### DATA PROVIDED ###

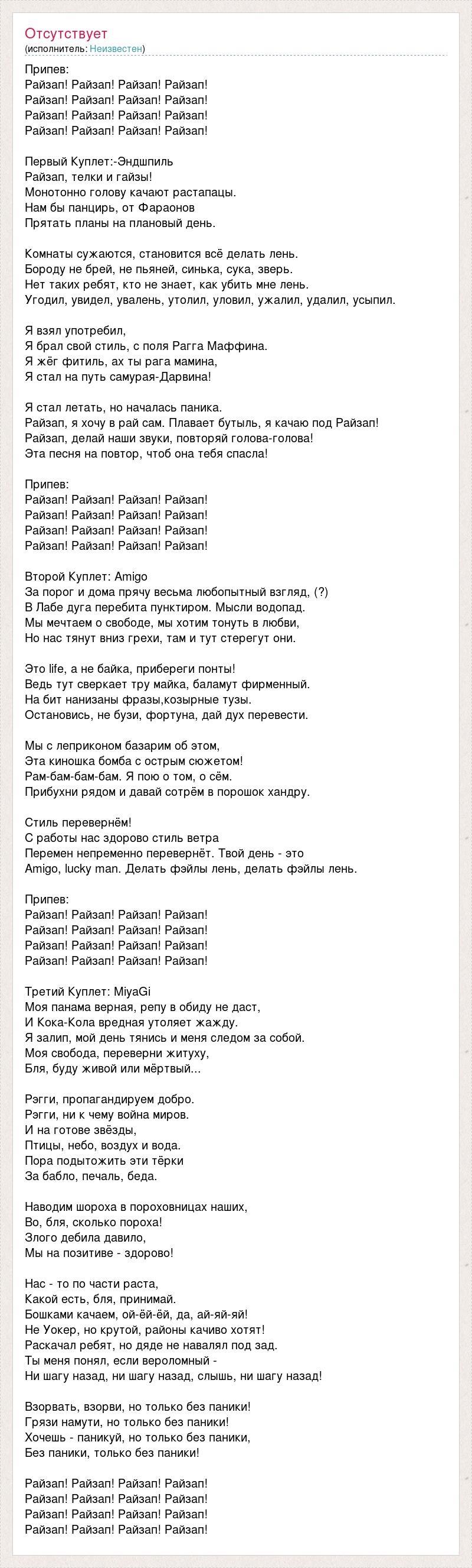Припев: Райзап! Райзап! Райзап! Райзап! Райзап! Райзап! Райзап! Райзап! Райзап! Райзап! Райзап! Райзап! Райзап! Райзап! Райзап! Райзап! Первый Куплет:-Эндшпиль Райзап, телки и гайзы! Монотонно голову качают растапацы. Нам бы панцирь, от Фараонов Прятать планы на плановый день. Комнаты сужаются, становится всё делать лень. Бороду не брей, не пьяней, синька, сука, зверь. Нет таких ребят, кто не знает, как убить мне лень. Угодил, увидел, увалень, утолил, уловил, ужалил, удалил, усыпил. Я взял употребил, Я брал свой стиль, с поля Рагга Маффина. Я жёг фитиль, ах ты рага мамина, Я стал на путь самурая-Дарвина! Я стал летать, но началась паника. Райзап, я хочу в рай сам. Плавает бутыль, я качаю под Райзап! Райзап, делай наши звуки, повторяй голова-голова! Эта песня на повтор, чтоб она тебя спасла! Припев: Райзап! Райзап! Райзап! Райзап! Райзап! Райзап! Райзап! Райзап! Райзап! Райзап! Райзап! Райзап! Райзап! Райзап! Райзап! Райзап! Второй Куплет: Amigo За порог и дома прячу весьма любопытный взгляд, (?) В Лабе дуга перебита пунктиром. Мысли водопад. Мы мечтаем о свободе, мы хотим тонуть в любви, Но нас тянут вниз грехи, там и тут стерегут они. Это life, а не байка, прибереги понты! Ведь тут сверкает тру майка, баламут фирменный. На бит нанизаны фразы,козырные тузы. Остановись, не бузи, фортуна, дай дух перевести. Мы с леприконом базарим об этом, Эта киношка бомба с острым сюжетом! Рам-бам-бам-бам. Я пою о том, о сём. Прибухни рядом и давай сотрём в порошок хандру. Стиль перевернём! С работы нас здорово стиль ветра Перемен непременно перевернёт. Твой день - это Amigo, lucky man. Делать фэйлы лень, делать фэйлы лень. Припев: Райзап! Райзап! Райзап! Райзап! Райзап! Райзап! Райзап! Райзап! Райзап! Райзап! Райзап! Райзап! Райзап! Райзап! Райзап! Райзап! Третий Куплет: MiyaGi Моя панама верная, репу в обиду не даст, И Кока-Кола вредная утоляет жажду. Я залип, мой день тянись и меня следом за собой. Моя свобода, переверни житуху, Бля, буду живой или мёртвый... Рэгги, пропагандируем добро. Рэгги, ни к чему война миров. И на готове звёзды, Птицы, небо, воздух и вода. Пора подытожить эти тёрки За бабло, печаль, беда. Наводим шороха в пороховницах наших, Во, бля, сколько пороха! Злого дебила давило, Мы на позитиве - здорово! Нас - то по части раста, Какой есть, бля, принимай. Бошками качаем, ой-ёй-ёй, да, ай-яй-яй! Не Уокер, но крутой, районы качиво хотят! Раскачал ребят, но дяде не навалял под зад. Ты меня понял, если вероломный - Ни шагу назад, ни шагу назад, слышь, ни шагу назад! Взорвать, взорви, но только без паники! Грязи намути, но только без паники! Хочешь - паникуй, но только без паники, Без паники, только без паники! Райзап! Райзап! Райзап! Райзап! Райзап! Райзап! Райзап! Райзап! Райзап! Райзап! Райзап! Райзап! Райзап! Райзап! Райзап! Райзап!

###
### DATA PROVIDED ###

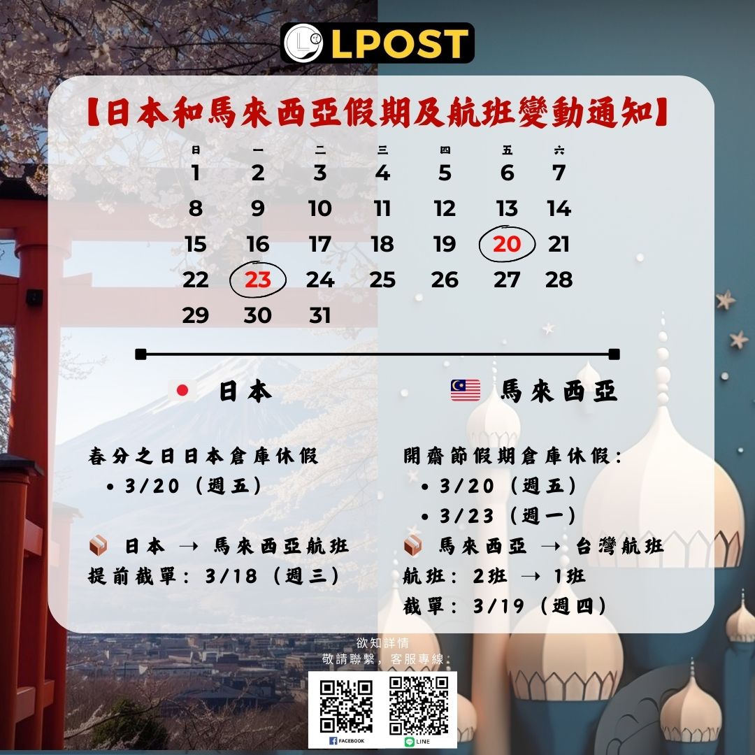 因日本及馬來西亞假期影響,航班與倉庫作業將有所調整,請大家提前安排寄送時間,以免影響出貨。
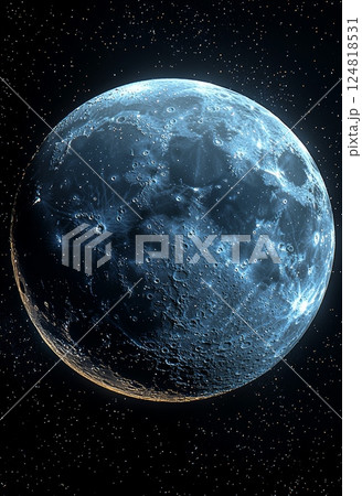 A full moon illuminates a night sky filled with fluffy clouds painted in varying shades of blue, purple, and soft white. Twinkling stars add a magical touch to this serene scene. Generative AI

###

◆ WHAT THE TASK REQUIRES: Please output the lines above beginning at the line with "因日本及馬來西亞假期影響,航" and ending after the line with "A full moon", precisely as written and with no pictures.

◆ RESPONSE TO THIS EXERCISE:
 因日本及馬來西亞假期影響,航班與倉庫作業將有所調整,請大家提前安排寄送時間,以免影響出貨。
 A full moon illuminates a night sky filled with fluffy clouds painted in varying shades of blue, purple, and soft white. Twinkling stars add a magical touch to this serene scene. Generative AI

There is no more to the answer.